§ Aim of the exercise
Out of the lines below, please list those that hold the string "like".

§ Records to process
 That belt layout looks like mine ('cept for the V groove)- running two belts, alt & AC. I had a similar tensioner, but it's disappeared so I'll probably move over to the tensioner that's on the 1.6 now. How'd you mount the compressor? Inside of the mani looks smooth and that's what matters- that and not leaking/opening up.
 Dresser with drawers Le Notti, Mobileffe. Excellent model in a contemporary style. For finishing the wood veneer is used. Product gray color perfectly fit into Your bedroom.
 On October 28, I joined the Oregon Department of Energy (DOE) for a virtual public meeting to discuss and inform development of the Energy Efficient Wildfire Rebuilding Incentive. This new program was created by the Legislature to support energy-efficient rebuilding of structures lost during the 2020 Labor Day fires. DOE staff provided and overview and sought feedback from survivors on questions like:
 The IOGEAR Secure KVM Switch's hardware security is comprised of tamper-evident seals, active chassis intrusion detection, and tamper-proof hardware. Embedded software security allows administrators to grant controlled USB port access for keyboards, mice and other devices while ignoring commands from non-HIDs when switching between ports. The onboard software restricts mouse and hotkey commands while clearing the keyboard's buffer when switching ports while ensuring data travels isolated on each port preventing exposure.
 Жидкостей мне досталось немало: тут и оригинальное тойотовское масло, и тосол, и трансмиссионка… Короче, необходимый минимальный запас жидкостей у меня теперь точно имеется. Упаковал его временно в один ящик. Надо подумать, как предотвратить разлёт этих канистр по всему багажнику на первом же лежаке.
* * *
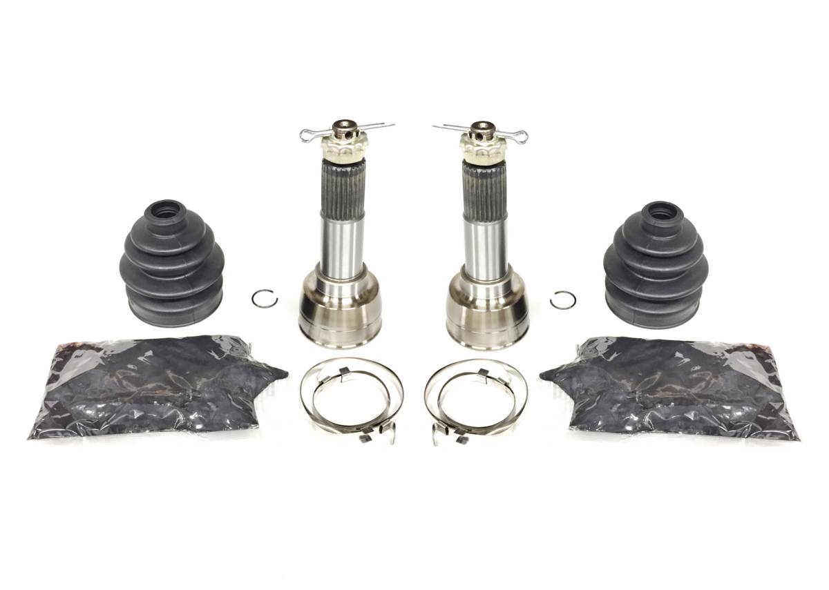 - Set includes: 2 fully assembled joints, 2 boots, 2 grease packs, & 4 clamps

§ Exercise solution
 That belt layout looks like mine ('cept for the V groove)- running two belts, alt & AC. I had a similar tensioner, but it's disappeared so I'll probably move over to the tensioner that's on the 1.6 now. How'd you mount the compressor? Inside of the mani looks smooth and that's what matters- that and not leaking/opening up.
 On October 28, I joined the Oregon Department of Energy (DOE) for a virtual public meeting to discuss and inform development of the Energy Efficient Wildfire Rebuilding Incentive. This new program was created by the Legislature to support energy-efficient rebuilding of structures lost during the 2020 Labor Day fires. DOE staff provided and overview and sought feedback from survivors on questions like:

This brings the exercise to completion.